Unite, Britain’s largest trade union, bemoaned a lack of action taken against former Carillion directors, who were accused by a committee of MPs of “recklessness, hubris and greed”, reiterating calls for a criminal investigation.
The Unite assistant general secretary, Gail Cartmail, said: “It is staggering that a year after the biggest corporate failure in modern UK history the government has carried on as though it is business as normal.
“The fact that no one involved in Carillion has yet had any form of action taken against them, demonstrates either that the regulators are failing to do their jobs or that existing laws are too weak.
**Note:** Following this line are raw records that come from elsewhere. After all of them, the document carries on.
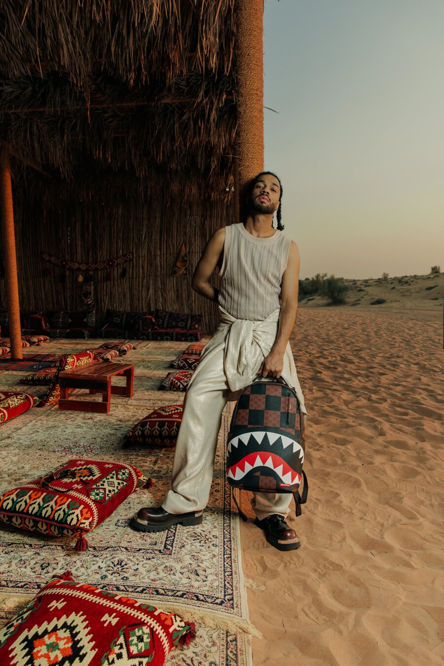 Im Zweiten Weltkrieg flogen Japaner und Amerikaner in denselben Kampfflugzeugen. Das konnte natürlich beim Feindbeschuss ziemlich verwirrend sein. Dann kam einer der Piloten der US-Armee, der gerne zeichnete, auf die Idee, die Flugzeuge mit wuchtigen Zähnen zu verzieren. Das gleiche Prinzip hat zu Beginn auch die Marke Sprayground im Rucksack- und Accessoire-Markt angewendet, die in Zeiten der Langeweile und Beliebigkeit genau dieses Symbol für ihre Designs auswählte, um leicht einprägsam zu sein.
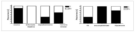 Con respecto a los factores de morbilidad y mortalidad considerados en pacientes con ERC, observamos la presencia de anemia en 7, hipoalbuminemia en 3 y trastornos del metabolismo óseo mineral, incluidas calcificaciones vasculares, en 5. La Figura 2 muestra la presencia de factores específicos relacionados a pacientes que reciben tratamiento hemodialítico. No se encontró asociación estadística entre factores de morbilidad y mortalidad considerados en pacientes con ERC y los EV ni entre factores específicos relacionados a pacientes que reciben tratamiento hemodialítico y los EV.
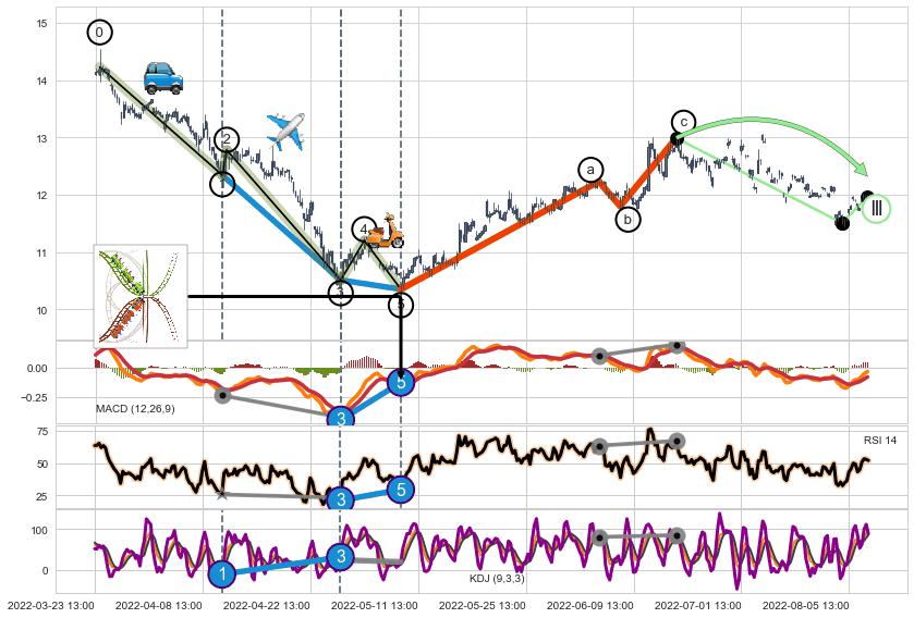 ➢ a,c调整浪MACD, RSI, KDJ走势都【未出现】背离,abc走势延续, 5浪反转概率增强
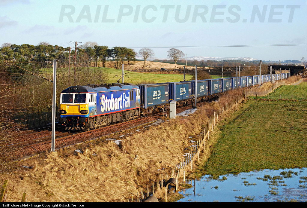 | Stobart Rail / Deutsche Bahn Schenker 92017 ''Bart The Engine'' heads the 4S43 Rugby (Central England) - Mossend (Glasgow) North past Ravenstruther, The train conveys goods for 1 of the big supermarket chains in the United Kingdom called Tesco |
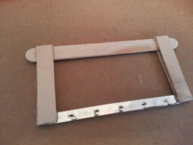 Yo quería hacer una especie de hoja en el borde de corte de una caja de papel de estaño. Me di cuenta aunque en orden para esta pieza delgada ser tieso tuvo lugar enseñado. Así que decidí hacer un arco de sierra mini fuera de él.Paso 1: Recopilación
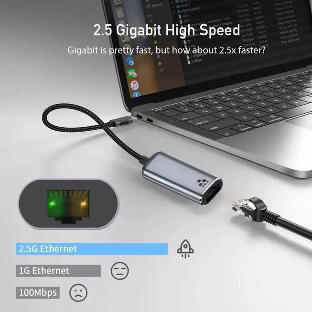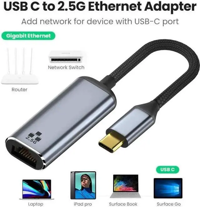 The USB-C Ethernet Adapter allows user's computer instantly connct to a 10/100/1000/2500Mbps network through an existing USB port.
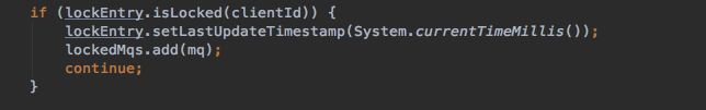 总而言之,broker端通过对ConcurrentMap<String, ConcurrentHashMap<MessageQueue, LockEntry>> mqLockTable的维护来达到messageQueue加锁的目的,使得同一时刻,一个messageQueue只能被一个消费者消费
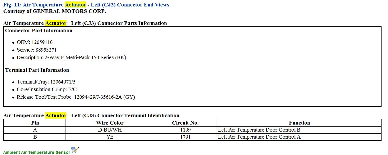 (3) Air Temperature Actuator (C67), Air Temperature Actuator - Right (CJ3)
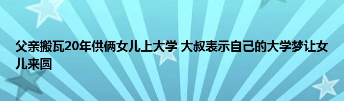 今天來(lái)聊聊一篇關(guān)于父親搬瓦20年供倆女兒上大學(xué),大叔表示自己的大學(xué)夢(mèng)讓女兒來(lái)圓的文章,現(xiàn)在就為大家來(lái)簡(jiǎn)單介紹下父親搬瓦20年供倆女兒上大學(xué),大叔表示自己的大學(xué)夢(mèng)讓女兒來(lái)圓,希望對(duì)各位小伙伴們有所幫助。
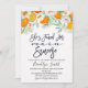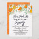O chá de panela de espreme principal de laranja floral convida as laranjas brancas e as laranjas ou o chá de panela de mandarina apresentando uma caligrafia de pincel em preto. A parte de trás do convite é uma imagem de lavagem de cor d'água laranja com um pequeno padrão de ponto branco. Este chá de panela temático dos citros é um design doce e uma maneira adorável de convidar convidados para um chá de panela que vem pela frente.

If it is the latter then we need better, stronger laws.
“A year on from Carillion’s collapse the government needs to stop prevaricating and start taking effective action to drive bandit capitalism out of the UK.”
The government has introduced measures to make companies in charge of major public sector contracts draw up “living wills” to ensure the smooth operation of the services they provide in the event of financial failure.
But Unite said the measures did not go far enough to reform the system of public procurement.
A spokeswoman for the Cabinet Office, which manages the outsourcing of public sector contracts and faced criticism over its role in the administration of the bust of Carillion, said the government had put in place measures to prevent a repeat.
She said: “This government has taken great strides to improve how we work with the private sector, including requiring companies to demonstrate prompt payment to suppliers and piloting ‘living wills’ for critical contracts, allowing contingency plans to be quickly put into place if needed.”
The accounting watchdog Financial Reporting Council (FRC), which was criticised by MPs for being “chronically passive” over the audits of Carillion by firms including KPMG, is still investigating the circumstances of its failure.
The Insolvency Service, an arm of the department for business, energy and industrial strategy, is also investigating the affair and began interviewing former directors of the company last year.